The Dead Mule School of Southern Literature

Lizzie Krieg: Two Poems

Poetry

Homeopathy

A poultice that I made in the yard,
as you watched from the hammock
we’d strung between the oak tree
the first owner planted and the side
of the garage. That poultice was
a success, you know, it dried up
the boil on my left cheek. I came
to see it as a misplaced third eye
but brownish-green instead of white
and unable to grow its petals.
I’d thought it would last forever, either
full to near-bursting and fetid
with every wrong word I’d ever feared
I’d said after a second glass of wine,
or weeping, as when your eyes
wouldn’t meet mine, and I knew
you were ashamed of my thick tongue
That poultice was mostly clay and smelled
of sulfur, but it dried up that boil
and I felt instantly lighter. Like I’d been
to confession, assuming I believed
in that little room, with its screen
and the conference of absolution.

**

Ocean Floor

These things I set adrift, each piece now sunk
to the ocean floor, and resting. Like tiny pebbles
and notes from my husband on the kitchen counter
that I’ve read, now hidden here behind a picture
frame or pinned with a paperweight.
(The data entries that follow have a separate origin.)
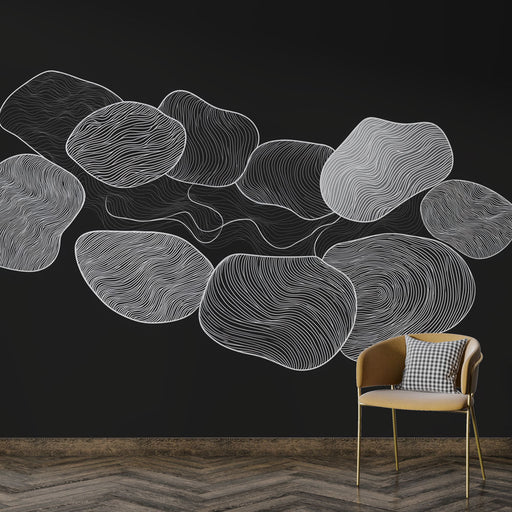 WonderMuralFototapet představuje moderní design s abstraktními organickými tvary nakreslenými bílými linkami na černém pozadí. Vlnění a rafinované kontury při...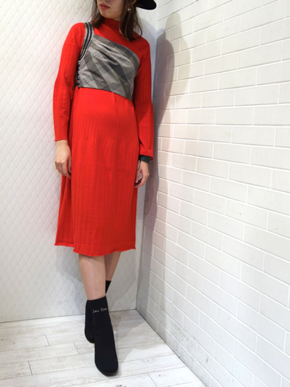 真っ赤のニットワンピースでクリスマス気分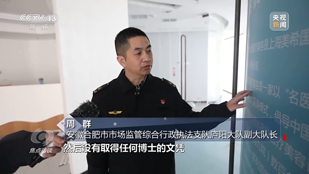 安徽合肥市市场监管综合行政执法支队庐阳大队中队长 张杨:经过调查发现,中韩国际整形美容医学会根本不存在,是他们自己杜撰的,美希国际医美教育学院的印章,也是他们自己在网上私刻的。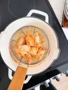 Be careful not to crowd the chicken, it took me 3 batches to fry up 2 pounds of chicken and this left me with nice, crisp chicken. If you add too much of the chicken in at one time, it will lower the temperature of the cooking oil and will result in soggy chicken.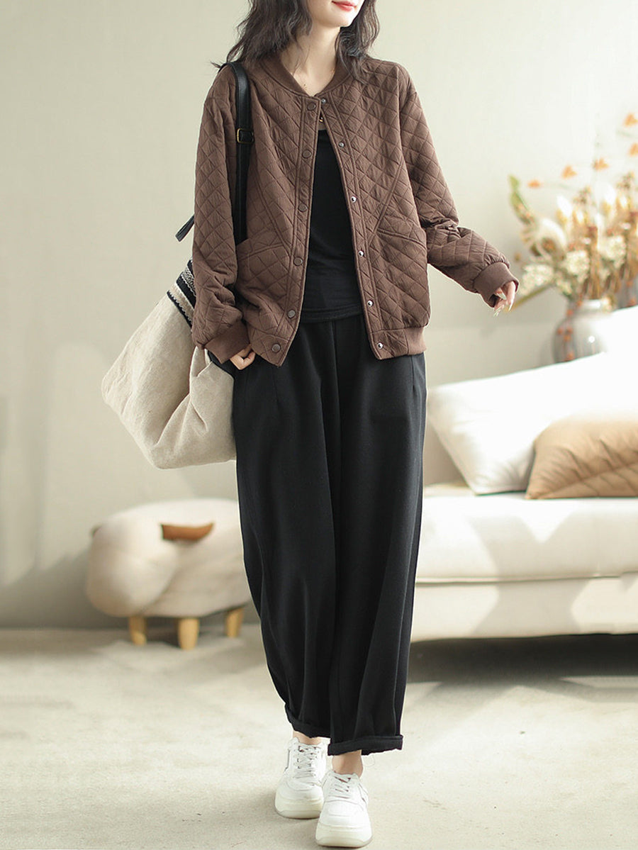 Abrigo acolchado de cuello redondo de color puro retro de invierno para mujer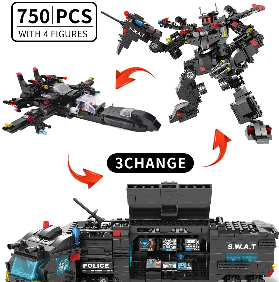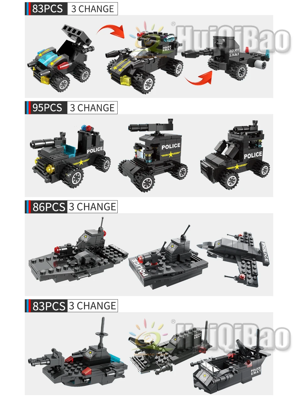 8 в 1 SWAT полицейская модель грузовика сборные строительные блоки вертолет автомобиль Развивающие игрушки совместимы с Lego мальчиков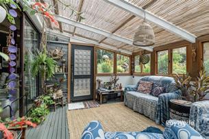 What truly sets this property apart is the ambiance. The lush native gardens, lovingly curated by the current owners, provide privacy and serenity, with greenery visible from every window. Double-glazed windows and a cosy lounge with a server hutch complete the picture of a home designed for comfort and relaxation.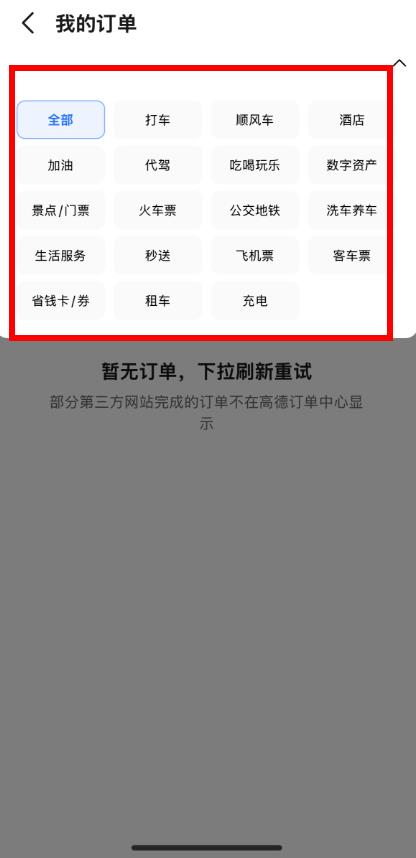 3、進(jìn)入我的訂單頁面后,可以看到全部,打車,順風(fēng)車,酒店等多種分類標(biāo)簽,點(diǎn)擊相應(yīng)標(biāo)簽就能查看對應(yīng)類型的訂單記錄。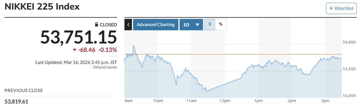 마켓워치에 따르면 일본 증시 대표 지수인 닛케이225지수(닛케이)는 전 거래일 대비 68.46엔(0.13%) 내린 5만3751.15엔으로 마감했다. 토픽스는 전 거래일 대비 18.30포인트(0.50%) 내린 3610.73에 마감했다.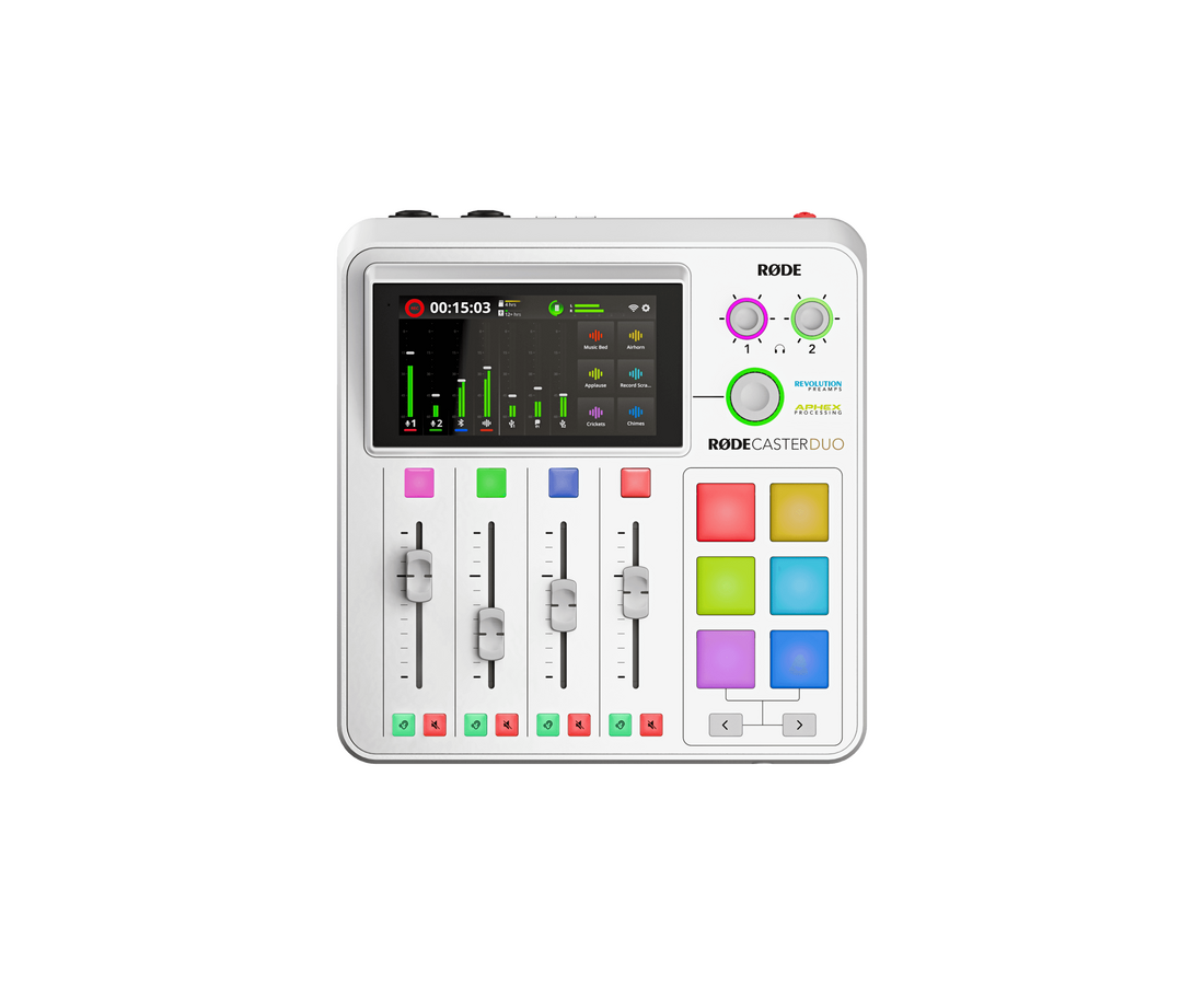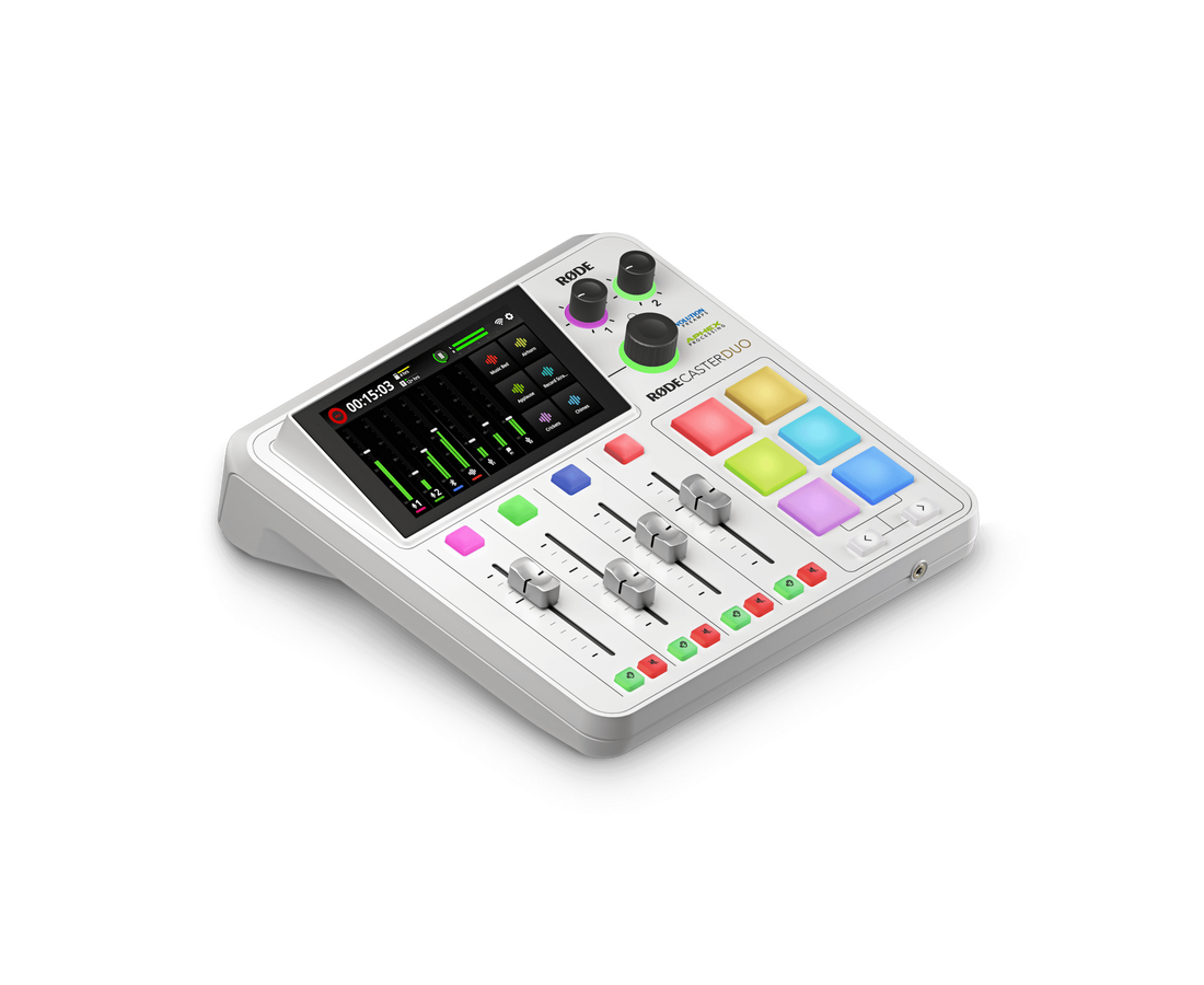 RØDECaster Duo — компактная интегрированная студия звукозаписи для подкастеров, стримеров и контент-мейкеров, сочетающая в себе профессиональное качество звука, гибкость и простоту управления. Оснащён двумя ультратихими предусилителями Revolution Preamps (шум -131.5 дБV EIN, усиление до 76 дБ), двумя комбинированными входами Neutrik для микрофонов, инструментов и линейных сигналов, а также встроенным приёмником для беспроводных систем RØDE Series IV (Wireless PRO, GO , ME).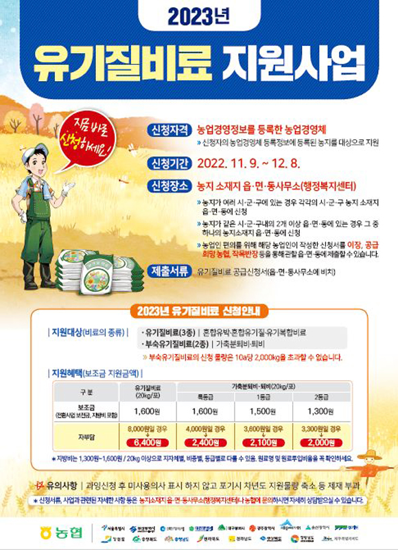 홍성군이 환경친화적 자연순환 농업 정착과 고품질 안전농산물 생산 유도를 위해 추진하는 2023년 유기질비료 지원사업을 지난 9일부터 다음 달 8일까지 접수한다고 밝혔다.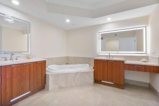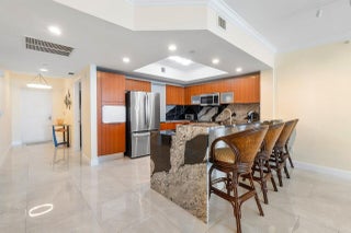 Panoramic 22nd floor Intracoastal & ocean views! Immaculate 2BR/2.5BA condo w/impact glass, Open concept w/spacious great room, dining/den, granite waterfall and backsplash in kitchen w/stainless appliance with split floor plan. Spacious owner suite w/his & her walk-in closets. Marble owner bath w/double vanity, jetted whirlpool bathtub & water closet. LED-lighted vanity mirrors in every bathroom. Neutral fresh paint and porcelain flooring throughout. Assigned parking, 24/7 manned gate, valet, tennis, pickleball, walking path w/gazebo, covered rooftop oasis w/pool, spa, BBQ areas, clubhouse, billiard room & fitness center. Marina w/dry docks available. Jump on your boat effortlessly & be on the ocean in minutes; no fixed bridges!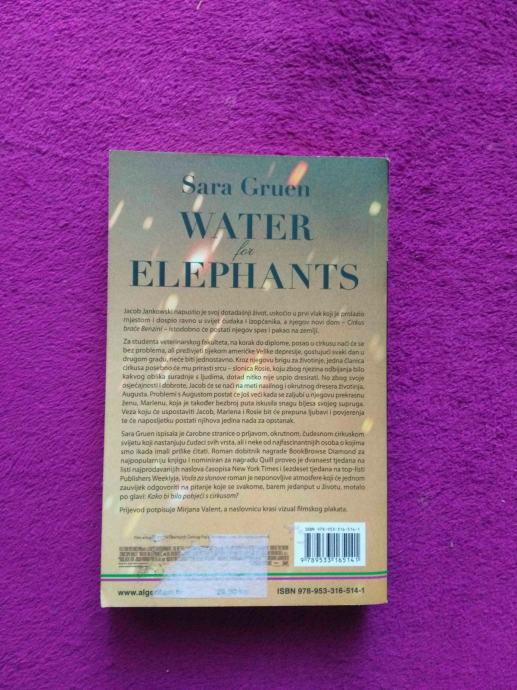 Sara Gruen ispisala je čarobne stranice o prljavom, okrutnom, čudesnom cirkuskom svijetu koji nastanjuju čudaci svih vrsta, ali i neke od najfascinantnijih osoba o kojima smo ikada imali prilike čitati. Roman dobitnik nagrade BookBrowse Diamond za najpopularniju knjigu i nominiran za nagradu Quill proveo je dvanaest tjedana na listi najprodavanijih naslova časopisa New York Times i šezdeset tjedana na top-listi Publishers Weeklyja, Voda za slonove roman je neponovljive atmosfere koji će jednom zauvijek odgovoriti na pitanje koje se svakome, barem jedanput u životu, motalo po glavi: Kako bi bilo pobjeći s cirkusom?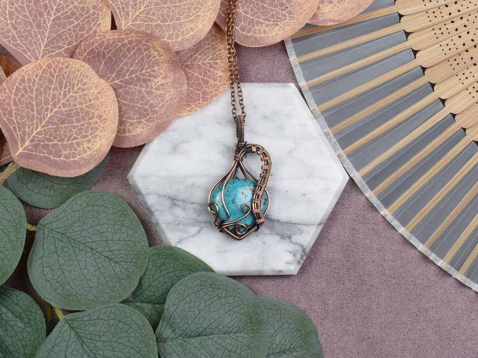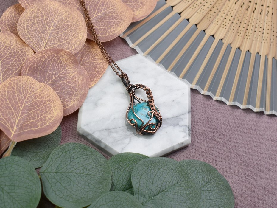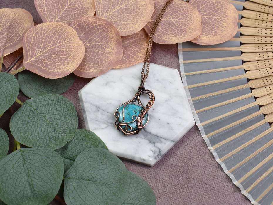 Piękny wisiorek miedziany, wykonany techniką wire wrapping, ozdobiony naturalnym kamieniem - turkusem. Kamień ten emanuje niezwykłą energią, dodając wisiorkowi nie tylko piękna, ale także pozytywnego wpływu na noszącego. Dzięki starannie wykonanym detalom, ten wisiorek jest nie tylko wyjątkowym dodatkiem do Twojej biżuterii, ale również nosi ze sobą głębsze znaczenie natury i harmonii. Idealny sposób, aby dodać odrobinę naturalnego uroku i pozytywnej energii do codziennego stroju.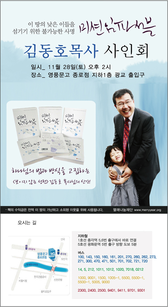 한편, 11월28일(토) 오후 2시 종로 영풍문고 지하1층 광교 출입구에서 김동호 목사의 사인회가 진행될 예정이다. 책의 모든 수익금 전액은 이 땅의 가난하고 소외된 이웃들을 위해서 사용된다. 많은 시민들의 관심 부탁드립니다.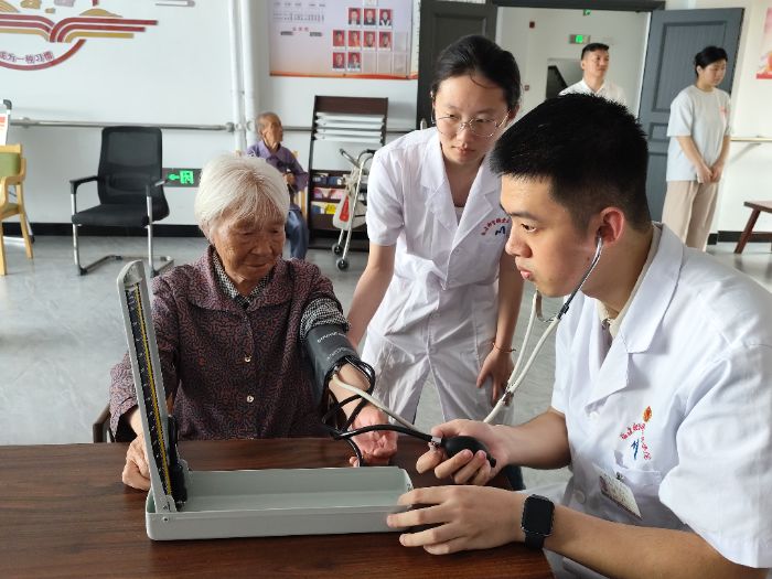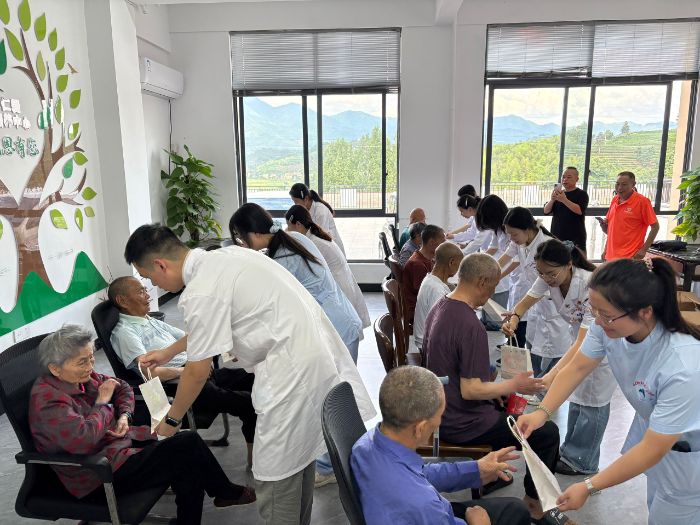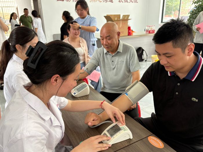 血壓監(jiān)測區(qū)域,隊員們對行動不便者躬身攙扶精準測量,細微之處盡顯醫(yī)者溫情。隊員化身健康數據 “捕手” ,細致記錄數值,從讀數校驗,到飲食作息的個性化建議,專業(yè)嚴謹與人文溫度交融,織就守護健康的細密網絡 。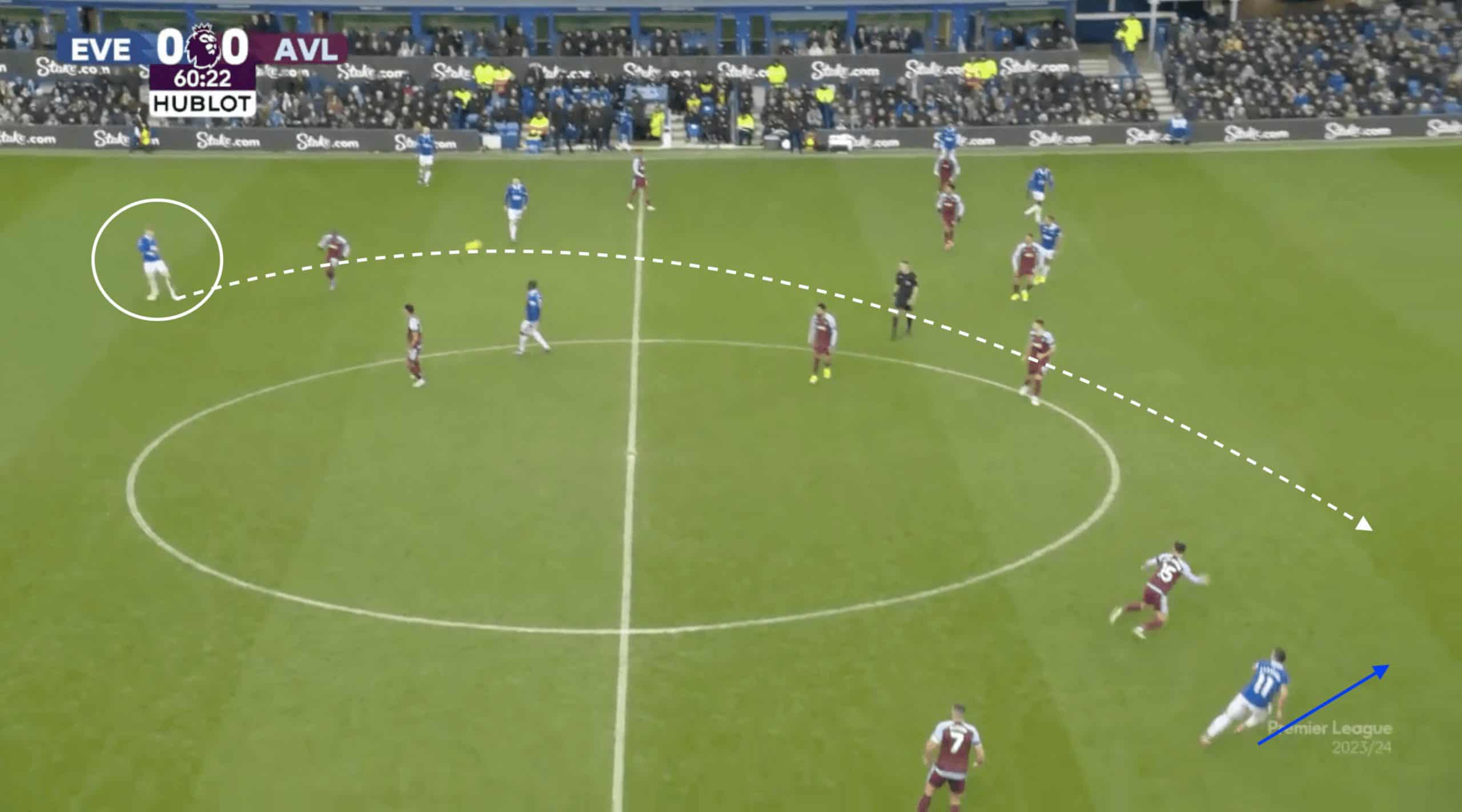 There are signs that this area of his game can be improved upon, with his long passing often looking to release wider players into isolated scenarios or dropping it between the lines for Calvert-Lewin or Beto to hold up.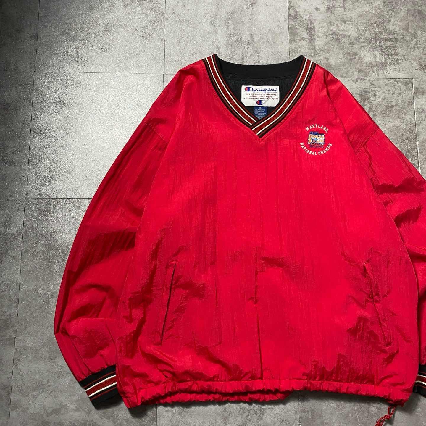 【XL】90s チャンピオン 刺繍ロゴ ラインリブ レッド ナイロンプルオーバー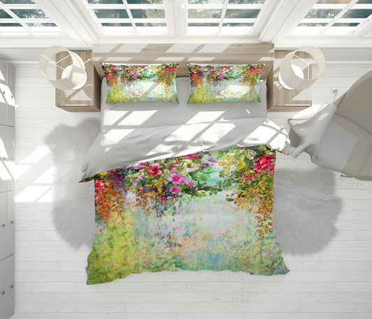 Bright Flowers Duvet Cover Set W Pillow Cover, Bright Floral Flowers 3D Quilt Cover, Single Double Queen King Size Doona Cover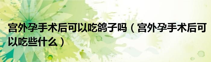 摘要大家好,知識(shí)小編來為大家解答以上的問題。宮外孕手術(shù)后可以吃鴿子嗎,宮外孕手術(shù)后可以吃些什么很多人還不知道,現(xiàn)在讓我們一起來看看吧!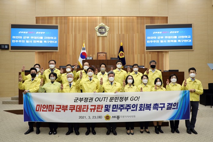 특히 세종시의회 전 의원은 본회의 종료 직후 국회법 개정과 미얀마 민주주의의 회복을 촉구하는 퍼포먼스를 펼쳤다.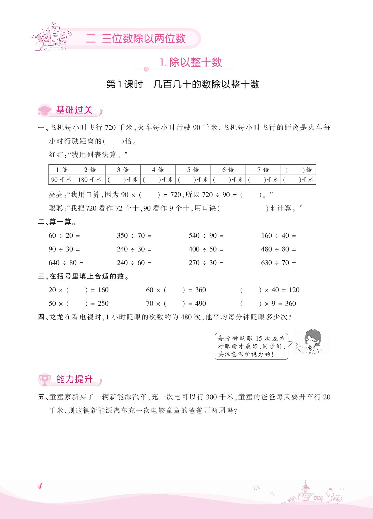 2021上册四年级数学冀教版 二 三位数除以两位数 1. 除以整十数——第1课时 几百几十的数除以整十数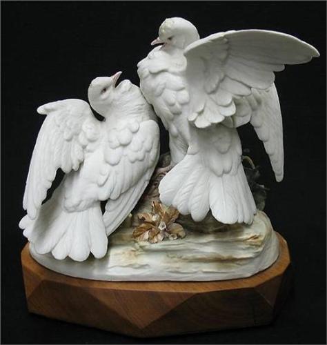 Cybis double figurine of doves; signed on bottom front and numbered 106; mid to late 20th C.; measures 10 1/2" high x 12" x 7 1/2" (no visible defects)

An act
of intentional forgetting. I think of them sinking
on their way to the bottom of the ocean and wonder,
Are they pinned, even there? Ink from a ballpoint pen
smeared and faded, warped paper disintegrating
into nothing ten thousand leagues down, but never
dissolved, those pebbles gather near the bases
of boulders, like silent congregants.

They belong to me but I am unready to name them,
afraid to call them him or her or them or us.
Watching the tiny pebbles slip, each falling
through the garbage disposal, passing by the blades,
spinning but not catching even once. Tumbling
through the pipes, crashing into their metal sides,
clanging in a deafening display of resistance
but then freely through the U-bend like a miracle,
until they find the fresh rush of sewer, a conduit
of memories snaking its way back home, under the sand
and past those reaching fingers of the undertow.